Given, $E$ : the card drawn is black
$\Rightarrow n(E)=26$
$F$ : the card drawn is king
$\Rightarrow n(F)=4 $
$\text { Also, }n(S)=52$
$P(E)=P$ (card drawn is black)
$=\frac{n(E)}{n(S)}=\frac{26}{52}=\frac{1}{2}$
and $P(F)=P($ card drawn is a king $)$
$=\frac{n(F)}{n(S)}=\frac{4}{52}=\frac{1}{13}$
Also, $E \cap F$ : card drawn is a black king
$ \Rightarrow P(E \cap F)=\frac{n(E \cap F)}{n(S)}=\frac{2}{52}=\frac{1}{26} $
$ \text { Now, } P(E) \times P(F)=\frac{1}{2} \times \frac{1}{13}=\frac{1}{26}=P(E \cap F) $
$ \Rightarrow P(E \cap F)=P(E) P(F)$
Therefore, the events $E$ and $F$ are independent.

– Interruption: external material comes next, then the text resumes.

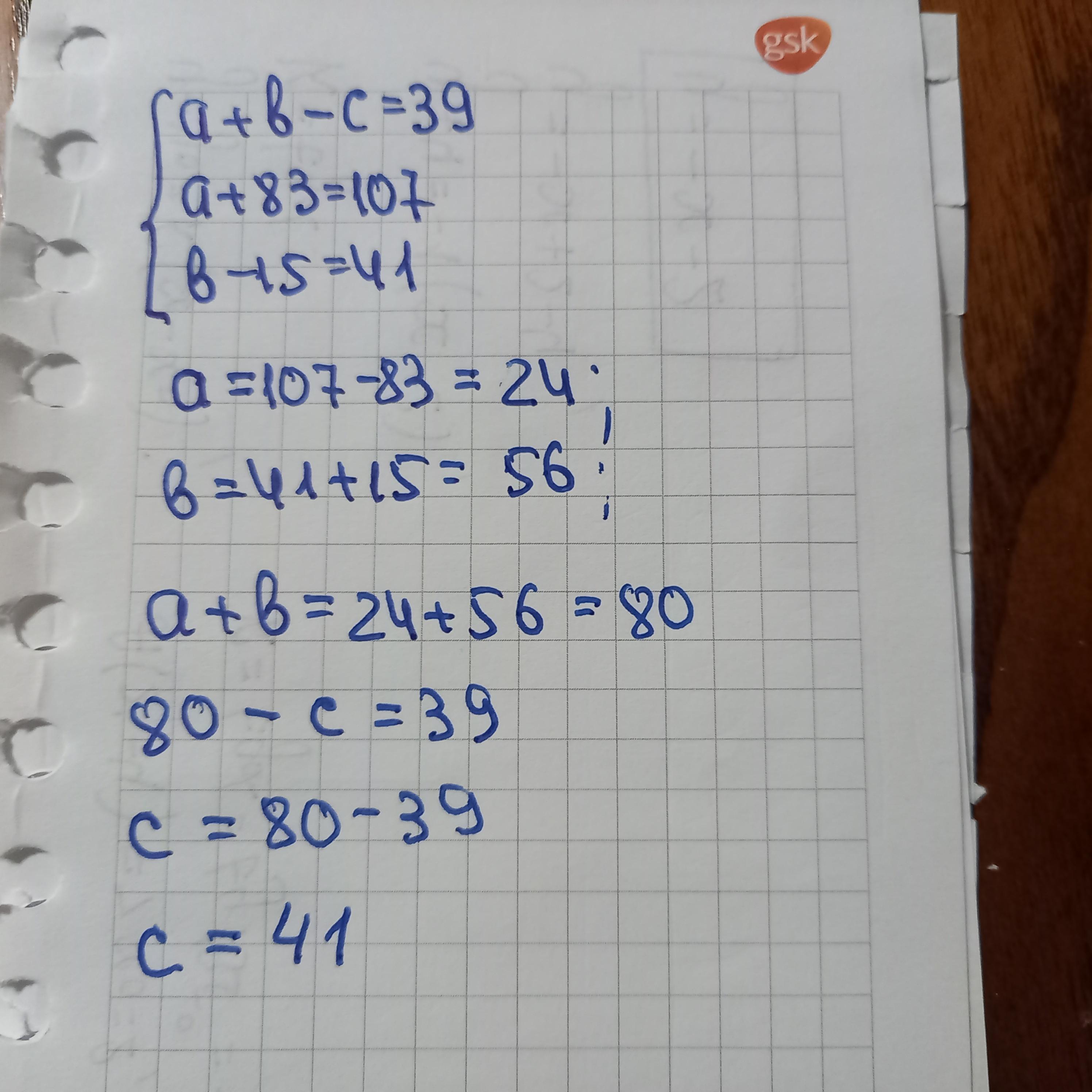 Чему равно c если a+b-c=39, a+83=107, b-15=41??

(iii) In a deck of 52 cards, 4 cards are kings, 4 cards are queens and 4 cards are jacks.
$P(E)=P$ (card drawn is a king or a queen)
$=P($ King $)+P($ Queen $)=\frac{4}{52}+\frac{4}{52}=\frac{8}{52}=\frac{2}{13}$
and $P(F)=P$ (cards drawn is a queen or a jack)
$=P($ Queen $)+P($ Jack $)=\frac{4}{52}+\frac{4}{52}=\frac{8}{52}=\frac{2}{13}$
Also, $E \cap F$ : card drawn is a queen
$\Rightarrow P(E \cap F)=\frac{4}{52}=\frac{1}{13}$
Now, $ P(E) \times P(F)=\frac{2}{13} \times \frac{2}{13}$
$=\frac{4}{169} \neq P(E \cap F)$
$\Rightarrow P(F \cap F) \neq P(F) P(F)$
Therefore, the events $E$ and $F$ are not independent.